The problem, then, is twofold. First, the film’s a little too long at almost two hours. The first half of the film moves at a pretty languid pace, and though it’s less bothersome here, since it’s intended to establish these people, I did start to feel twinges of “get on with it” after a little bit. But it’s really in the second half where it really starts to show, as there’s really only so long you can sustain a constant barrage of (admittedly) horrifying imagery before it starts to become sort of numbing and lose its impact. It threatens to go from “get on with it” to “wrap it up.”

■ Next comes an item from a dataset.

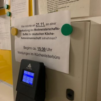 In Laufnähe zur Hochschule wiederum liegt das Mannschaftsquartier, das Schroeders Stadtwaldhotel, in dem alle Teammitglieder wohnen und sehr freundlich begrüßt wurden. Nach dem dortigen Frühstück und einer gemeinschaftlichen Teambesprechung geht es von nun an täglich in die großzügigen Küchenräume, in denen Küchenchef David Wagner die Teams herzlich und sehr gastfreundlich empfangen hat.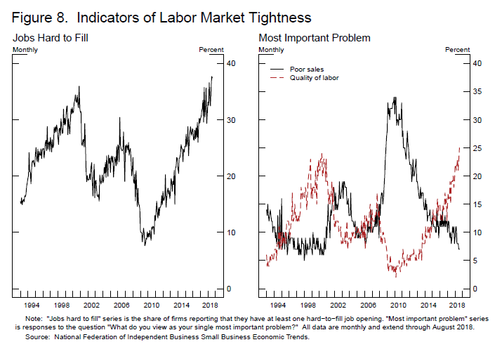 Despite what shows up in the aggregate wage and compensation data, however, I am sure that, like us, many of you are hearing widespread anecdotes about labor shortages and increasing bottlenecks in production. For example, as shown in figure 7, the words "shortage" and "bottleneck" are increasingly appearing in the Beige Book, the Federal Reserve's report summarizing discussions with our business contacts around the country.17 The message we are hearing in our conversations is supported by a wide range of more conventional measures. For example, the survey of members of the National Federation of Independent Business finds firms increasingly reporting that job openings are hard to fill (figure 8). Further, these businesses now list "quality of labor" as their most important problem, as opposed to the more typical report of "poor sales."

This isn’t helped by the second problem, which is a definite lack of structure. Again, this works perfectly well in the first half, but as it starts to set up the beginnings of the idea that something isn’t right, the second half suddenly slams into high gear out of nowhere and then doesn’t let off the gas until the end. Now from the perspective of verisimilitude this makes total sense - you find yourself in a waking nightmare, nobody’s going to stop and explain it, shit’s going to get weirder and more horrifying regardless of your ability to comprehend it. But it really does come out of nowhere and goes on long enough that it starts to feel samey, just more horrible shit being stuffed into our eyeballs. In isolation it’s all very well-executed, but there’s so much of it without any sort of narrative arc or much opportunity for us to even infer things that it all starts to feel shapeless. There are some hints early on that something isn’t right, and they’re paid off well in the final act, but they don’t have the space they need to breathe among all the chaos.
I think if they’d spend more of the second half of the film slowly building up the feeling of wrongness and really turned it up for the final act, it would have worked a lot better. As it is, it doesn’t respect neatly packaged narrative and that’s as it should be for the kind of film it is, but it also ends up working against it. I think it goes to show, once again, just how much of a tricky balancing act found-footage films are. Most of the time, you get people who just can’t commit to shooting something that doesn’t look like a conventional film and so what’s supposed to be raw footage shot by amateurs just looks like something made by film students on the (very) cheap. Here, I think we’re sort of dealing with the other end of the continuum - it’s so committed to realism in all of its awkward, messy imperfection that the momentum we need gets sacrificed. But to the extent it works, it really, really works, enough that I’m willing to put up with it being a little too good at what it’s trying to do.